The fact that there is a lot of rambling about nothing (an Obama trait that lasts to this day), misspelled words, improper grammar, and what looks to me like some copied content (without crediting references) shows how inarticulate the author is without his teleprompter! Ha!
Gateway Pundit:
Well, what do you know?
The state-run media can do research. It only took them 8 months after the election to release this crazy Far Left anti-American article Barack Obama wrote while in college.
Nearly six months into the Obama presidency, the mainstream media has finally done a bit of the candidate background reporting it declined to do during the campaign — other than in Wasilla — and whaddya know?

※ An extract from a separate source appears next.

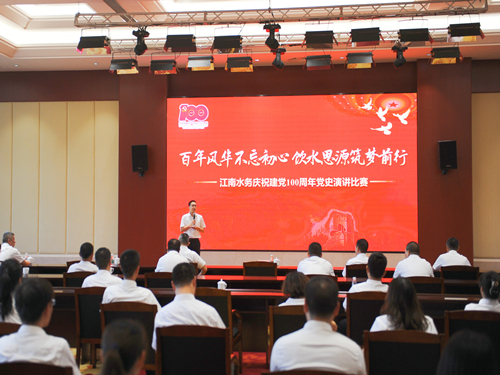 由公司各黨支部推選的13名參賽選手,以深情回顧百年黨史為主題,分別從中共黨史、新中國史、改革開放史、社會(huì)主義發(fā)展史等方面,結(jié)合企業(yè)和自身實(shí)際,聲情并茂展示風(fēng)采。比賽現(xiàn)場,選手們從“黨史”到“當(dāng)下”、從“故事”到“感悟”,把黨史學(xué)習(xí)教育與水務(wù)人的民生為重、忠誠擔(dān)當(dāng)相結(jié)合,充分體現(xiàn)了江南水務(wù)人的愛黨愛國熱情和對(duì)水務(wù)事業(yè)的殷殷熱忱。

The New York Times unearthed a 1983 article called, "Breaking the War Mentality," that Columbia student Barack Obama wrote for a campus newspaper. The article shows that Obama dreaded American "militarism" and its "military-industrial interests," while effusing enthusiasm for the dangerously delusional nuclear-freeze movement.
Moreover, while indicating a preference for the political wisdom of reggae singer Peter Tosh over Ronald Reagan or Scoop Jackson, Obama bewailed the "narrow focus" of anti-militarism activists, worrying that they were targeting the "symptoms" rather than the real "disease," namely, America's underlying economic and political injustice... Student Obama summed up with near incoherent Lefty gobbledygook:Indeed, the most pervasive malady of the collegiate system specifically, and the American experience generally, is that elaborate patterns of knowledge and theory have been disembodied from individual choices and government policy. What the members of ARA and SAM try to do is infuse what they have learned about the current situation, bring the words of that formidable roster on the face of Butler Library, names like Thoreau, Jefferson, and Whitman, to bear on the twisted logic of which we are today a part. By adding their energy and effort in order to enhance the possibility of a decent world, they may help deprive us of a spectacular experience — that of war. But then, there are some things we shouldn't have to live through in order to want to avoid the experience.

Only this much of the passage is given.